Oracle’s Revenue Climbs 20%, Helped by Acquisitions

SAN FRANCISCO, June 26 — Fourth-quarter revenue at the Oracle Corporation, the software company, beat Wall Street’s projections on Tuesday as it continued to ride its three-year buying spree, leading its executives to claim substantial gains over its competitors.

The company reported revenue of $5.83 billion for the period that ended May 31, an increase of 20 percent from $4.85 billion in the same quarter a year ago. Net income was up 23 percent, to $1.6 billion.

Oracle, which is based in Redwood Shores, Calif., and makes computer database software and business applications, has spent more than $20 billion in the last three years to buy two dozen companies.

“They’ve consolidated the industry, and the strategy appears to be working,” said Brendan Barnicle, an analyst with Pacific Crest Securities.

Analysts had projected revenue of $5.6 billion, at the high end of Oracle’s guidance. Earnings, excluding one-time items, were 37 cents a share, which topped analysts’ forecast of 35 cents, according to Thomson Financial. The fourth quarter is typically Oracle’s strongest.

Oracle’s annual revenue increased $3.6 billion to $18 billion.

Overall sales of new software licenses, a closely watched measure in the corporate software business, grew 17 percent to $2.48 billion. New license revenue from database and middleware increased 18 percent, while license revenue from its application software was up 13 percent, somewhat lower than some analysts had expected. Services revenue increased 26 percent, to $1.1 billion.

Oracle’s co-president and chief financial officer, Safra A. Catz, told analysts that she expected sales of new software licenses to increase 20 percent to 30 percent in the first quarter compared with the quarter a year ago, and that revenue would increase 19 percent to 21 percent.

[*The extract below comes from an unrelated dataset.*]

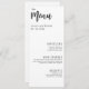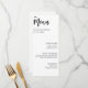 Vi presenterar det enkelsidiga menykortet frÄn Elegance Collection - ett smakfullt och koncist sÀtt att presentera dina löstagbara erbjudanden i firande. Det hÀr kortet, designat i eleganten stil i samlingen, ger en blixtlÄs över de kulinariska glÀdjeÀmnen som dina gÀster kan förutse. Det enkelsidiga formatet Àr försett med rent linjer och modern estetik, vilket skapar en synlig presentation. Menykategorierna - Appetizers, Main Kurser, Desserts och Drinks - visas elegant och lovar en kulinarisk upplevelse som Àr lika förfinad som kÀrlek. Inom varje kategori kan de specifika erbjudandena beskrivas i en anpassade. Se till att varje detalj i presentationen Äterspeglar firande skönhet och individualitet. Som en del av Elegance Collection Àr det hÀr ensidiga menykortet helt anpassade att harmonisera med ditt övergripande bröllop-tema och skapa ett sammanhÀngande och elegant estetiskt som anger tonen för din matupplevelse. Det enkelsidiga menykortet frÄn Elegance Collection ger en glimt in i den kulinariska resa som vÀntar dina gÀster. Det Àr en utökning av firande finess, vilket garanterar att varje detalj, inklusive menyn, Àr genomtÀnkt designad för att förbÀttra den övergripande upplevelsen

The company expected earnings of 21 cents a share, excluding items, in the first quarter, largely in line with estimates.

Shares of Oracle rose more than 1 percent in after-hours trading, after release of the report, after declining 32 cents to close at $19.16 in regular trading. The stock has risen about 12 percent this year and last week closed at a 52-week-high.

In recent weeks, several analysts issued research notes speculating that Oracle had closed several large transactions that would buoy its fourth-quarter results. But Ms. Catz largely dismissed the reports. “Q4 was very broad-based and not dependent on any very large transactions,” she said.

Oracle executives said that the company appeared to be taking market share from SAP of Germany and I.B.M., as well as from BEA Systems.

Charles Phillips, Oracle’s co-president, said the strategy of combining technology from acquisitions was proving more successful than SAP’s strategy of “trying to build everything themselves using a 1970s-era proprietary programming language.”

The quarter’s strong performance was attributed in part to revenue from products that Oracle did not own last year, as well as to sales of technology Oracle acquired through its purchase of Siebel in 2005 and PeopleSoft in 2004. In the quarter, Oracle closed its acquisition of Hyperion Solutions, a maker of software for reporting financial information that it bought for $3.3 billion.

In May, Oracle announced plans to purchase the Agile Software Corporation, a maker of product tracking software, for $495 million.

Lawrence J. Ellison, Oracle’s chief executive, told analysts in the conference call that Oracle would continue acquiring companies to enter new markets and bolster its product line.

In March, Oracle filed suit against SAP and accused it of intruding into its computer systems to carry out corporate theft. The companies are fierce competitors in the market for software that corporations use to manage finances, human resources and sales.